---- Collected data

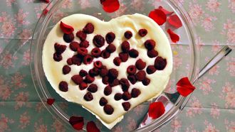No-bake Valentijnstaart met witte chocolade & frambozen
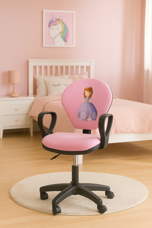Kız çocukları için özel olarak tasarlanan Pembe Prenses Baskılı Çalışma Koltuğu, eğlenceli görünümü ve ergonomik yapısı sayesinde çocuk odalarına hem renk hem konfor katıyor.
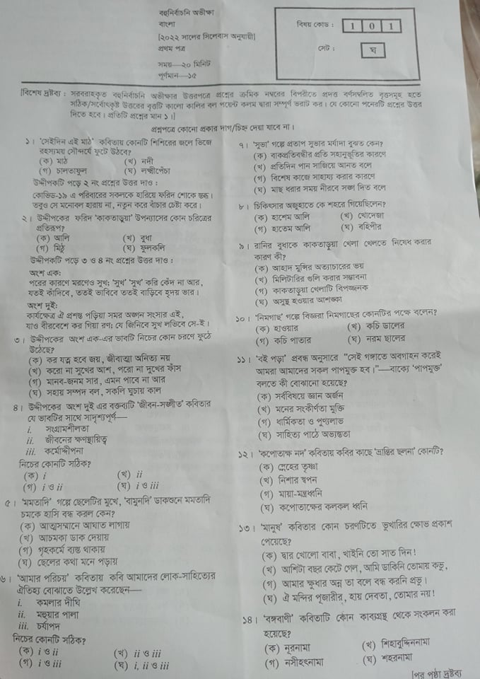 SSC Bangla 1st Paper MCQ Question Solution 2023
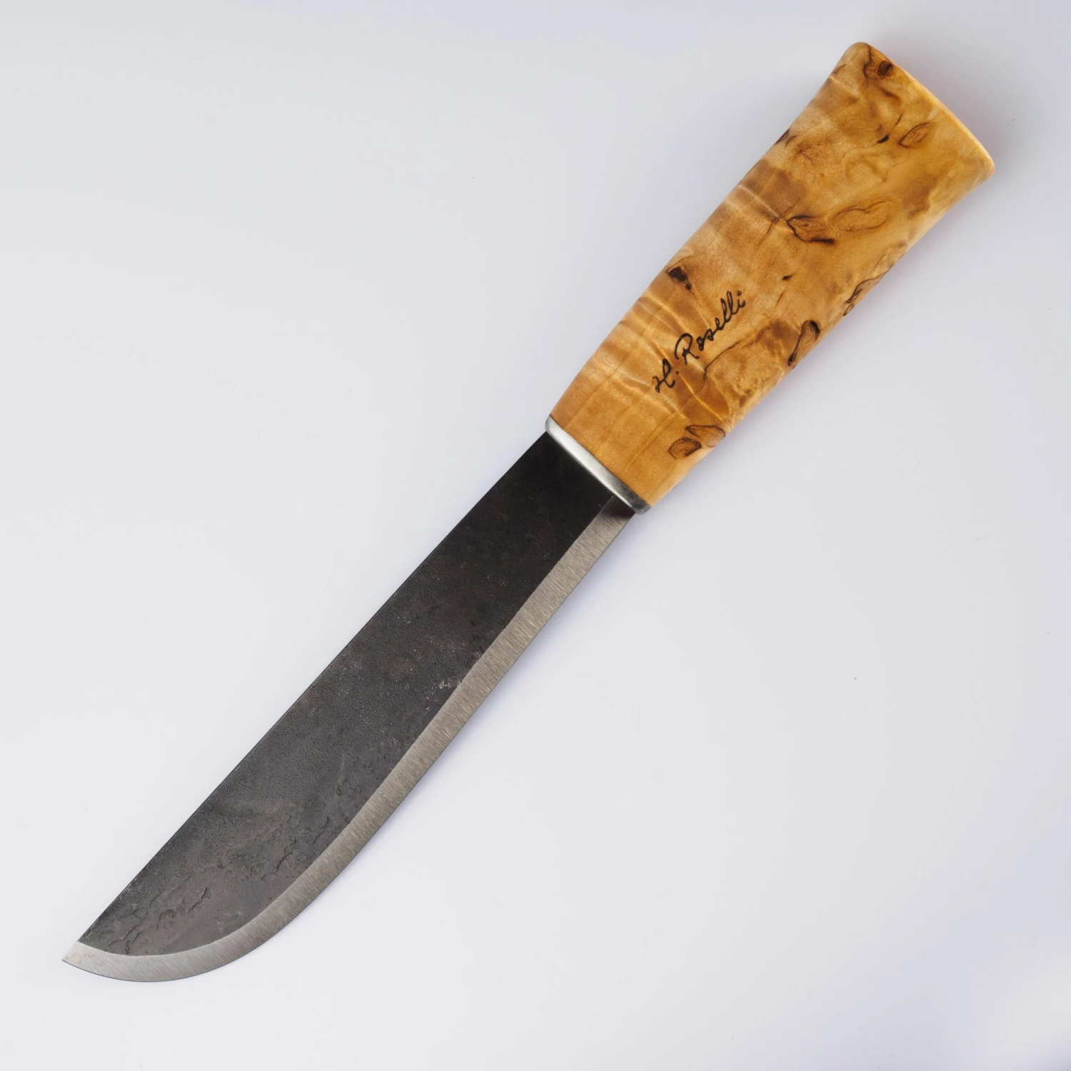 Roselli knives are designed by Heimo Roselli, who began making knives in 1976 and researched ancient bladesmithing techniques to rediscover the secret for making ultra-high-carbon steel. The Roselli knives are highly functional with little to no extra polish.

--------

**Exercise description:**
An exact reproduction of the lines from the line containing "Kız çocukları için" through the end of the listing above is needed; pictures stay out.

**Answer space:**
Kız çocukları için özel olarak tasarlanan Pembe Prenses Baskılı Çalışma Koltuğu, eğlenceli görünümü ve ergonomik yapısı sayesinde çocuk odalarına hem renk hem konfor katıyor.
 SSC Bangla 1st Paper MCQ Question Solution 2023
 Roselli knives are designed by Heimo Roselli, who began making knives in 1976 and researched ancient bladesmithing techniques to rediscover the secret for making ultra-high-carbon steel. The Roselli knives are highly functional with little to no extra polish.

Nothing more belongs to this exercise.